_Material for the task_:
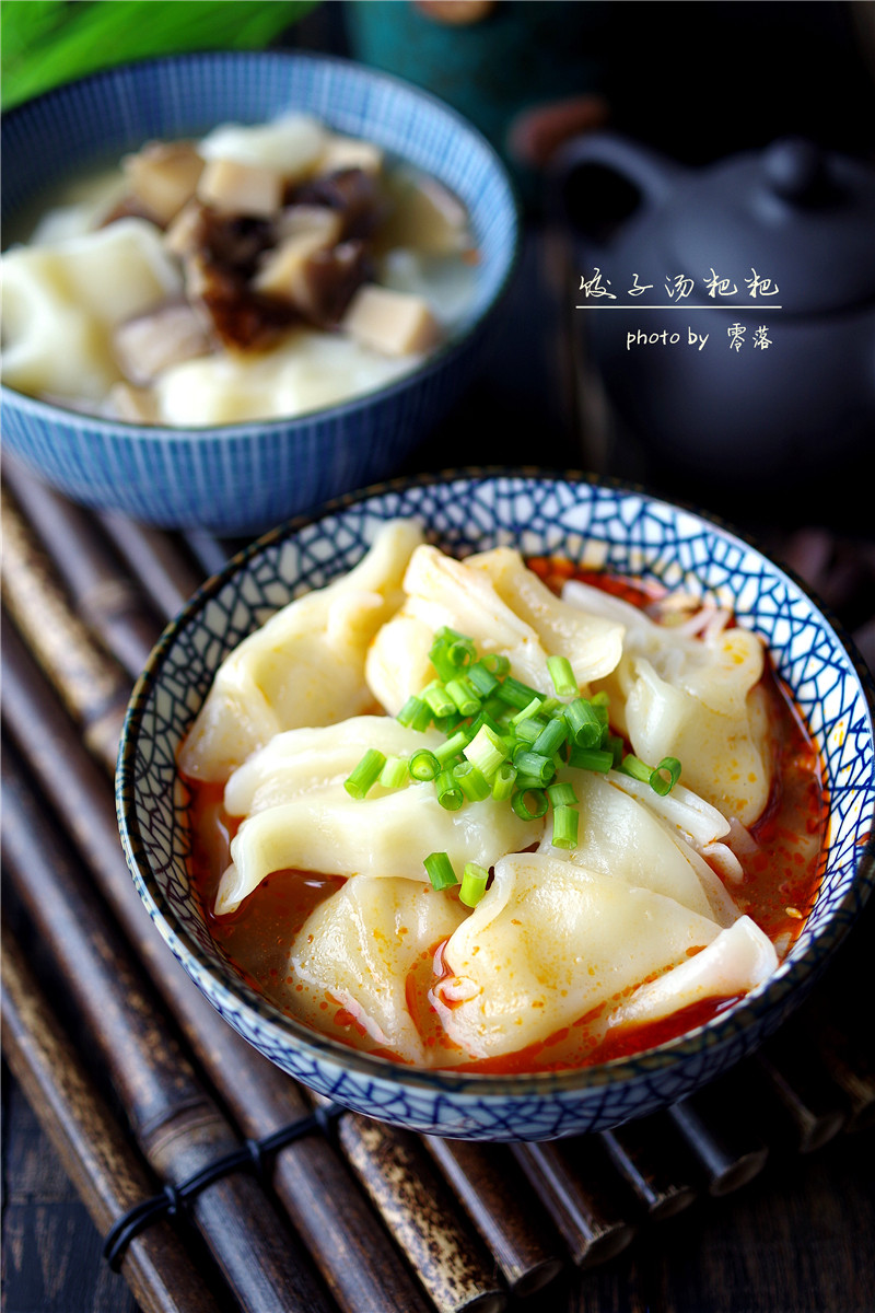 8:饺子汤粑粑煮熟后,捞出,放进第3步,第7步的调料碗里。红汤碗里浇入适量煮汤粑粑的汤汁,再撒入适量葱花,白汤碗里调入适量盐、鸡粉即可。
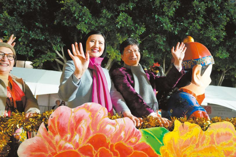 中領館總領事張建敏偕夫人鄭心在花車上向市民揮手致意。記者黃偉江攝
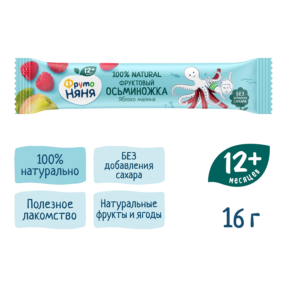 The FrutoNyanya fruit octopus is a wholesome treat specially created for toddlers aged 12 months and older. Its playful shape supports the development of fine motor skills and makes snack time fun and enjoyable.
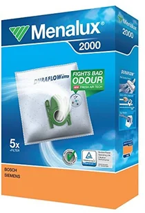 Menalux 2000 Zestaw 5 Worków do Odkurzacza Cylindrycznego + 1 mikrofiltr, Wysokowydajny materiał syntetyczny DuraFlow, 50% dłuższa żywotność i lepsza filtracja, Pasuje do Bosch, Siemens, Privileg
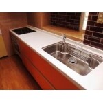 オレンジのキッチンは、茶色系の床と壁との相性は抜群であり、お洒落に仕上がりました。収納し易く、取り出し易いスライド式収納が魅力です。
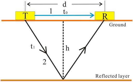 For revealing more realistic propagation characteristics of electromagnetic waves, an improved propagation model of electromagnetic waves is illustrated in Figure 5. Compared to Equation (5), the antenna separation and the direct waves in the air were both valued. Considering the polarization characteristics of GPR antenna, the scattering energy of electromagnetic waves can be ignored when the electromagnetic waves are spreading in the media. In this case, the propagation path of electromagnetic waves mainly includes the direct wave in the air and the reflection wave in the ground, paths 1 and 2, respectively, as shown in Figure 5.
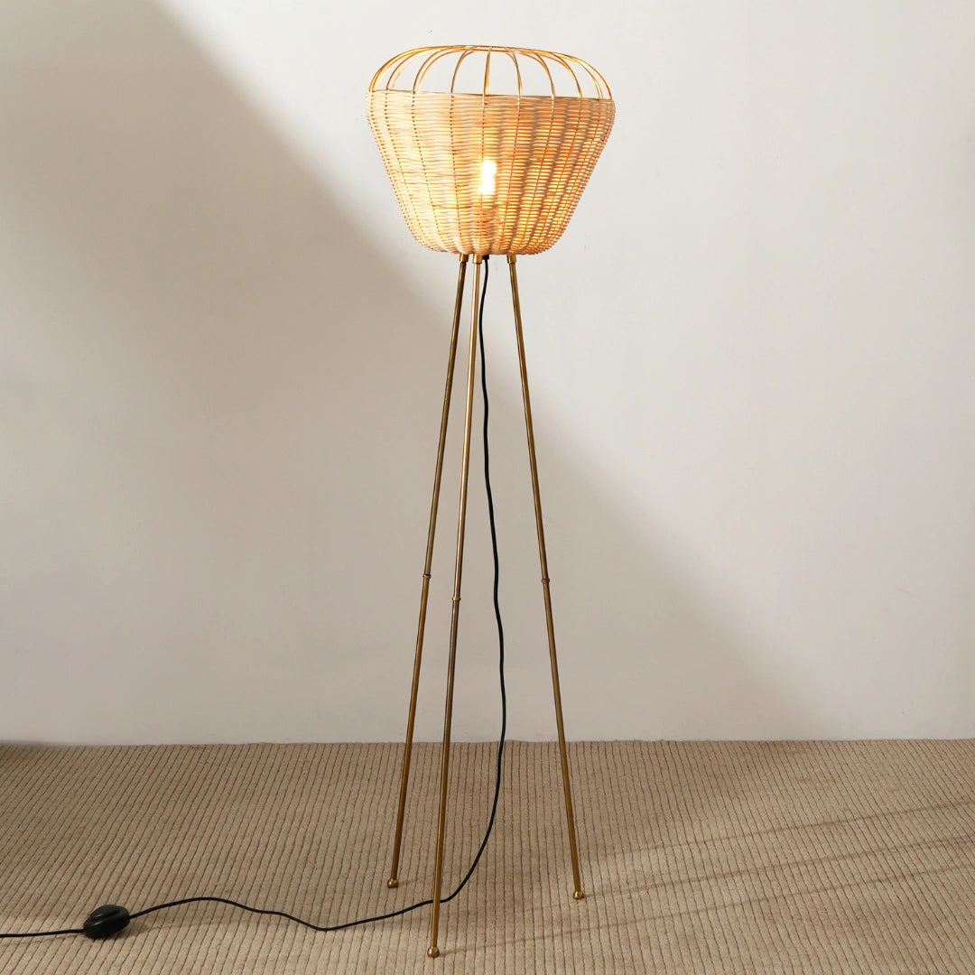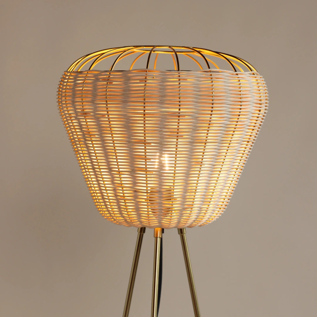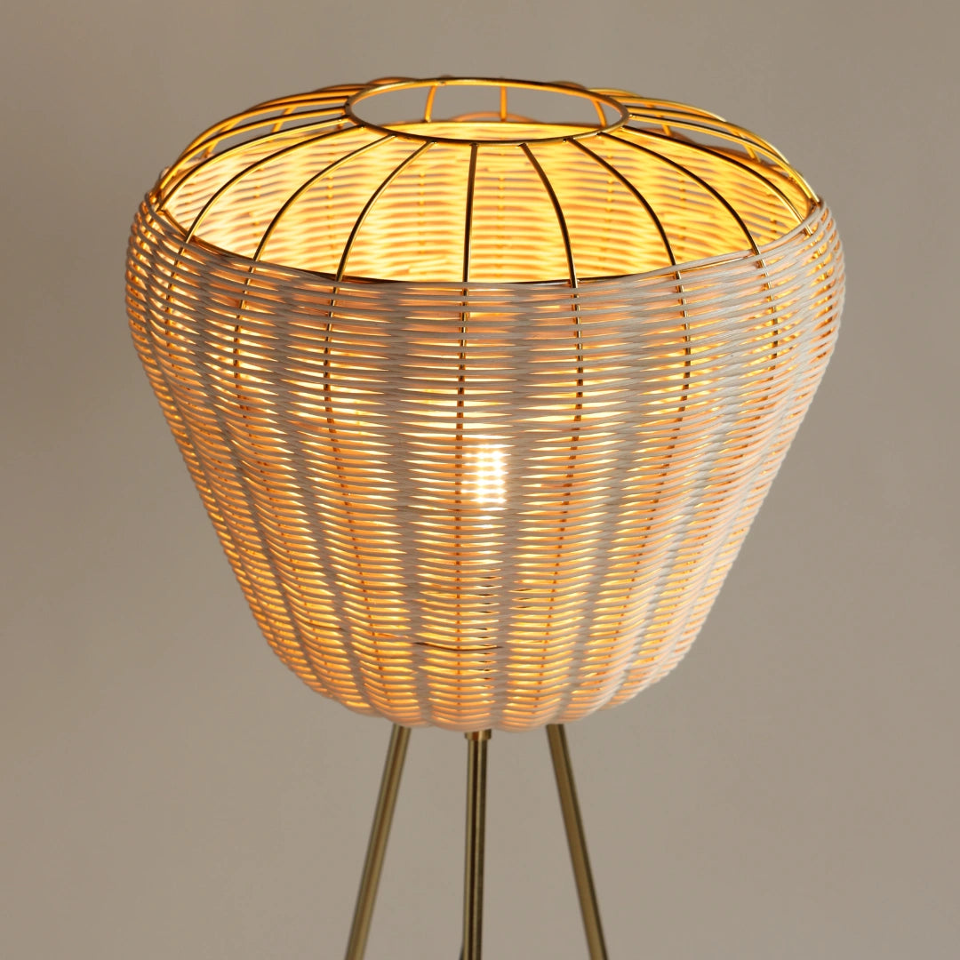 • Sculptural Basket Silhouette – Features a handwoven rattan shade with a wide, rounded form perched on sleek, tripod-style metal legs.

_Task directions_:
Please write out only the material above, exactly, from its first line through the line that contains "オレンジのキッチンは、茶色系", and include no pictures.

_Solution for this exercise_:
 8:饺子汤粑粑煮熟后,捞出,放进第3步,第7步的调料碗里。红汤碗里浇入适量煮汤粑粑的汤汁,再撒入适量葱花,白汤碗里调入适量盐、鸡粉即可。
 中領館總領事張建敏偕夫人鄭心在花車上向市民揮手致意。記者黃偉江攝
 The FrutoNyanya fruit octopus is a wholesome treat specially created for toddlers aged 12 months and older. Its playful shape supports the development of fine motor skills and makes snack time fun and enjoyable.
 Menalux 2000 Zestaw 5 Worków do Odkurzacza Cylindrycznego + 1 mikrofiltr, Wysokowydajny materiał syntetyczny DuraFlow, 50% dłuższa żywotność i lepsza filtracja, Pasuje do Bosch, Siemens, Privileg
 オレンジのキッチンは、茶色系の床と壁との相性は抜群であり、お洒落に仕上がりました。収納し易く、取り出し易いスライド式収納が魅力です。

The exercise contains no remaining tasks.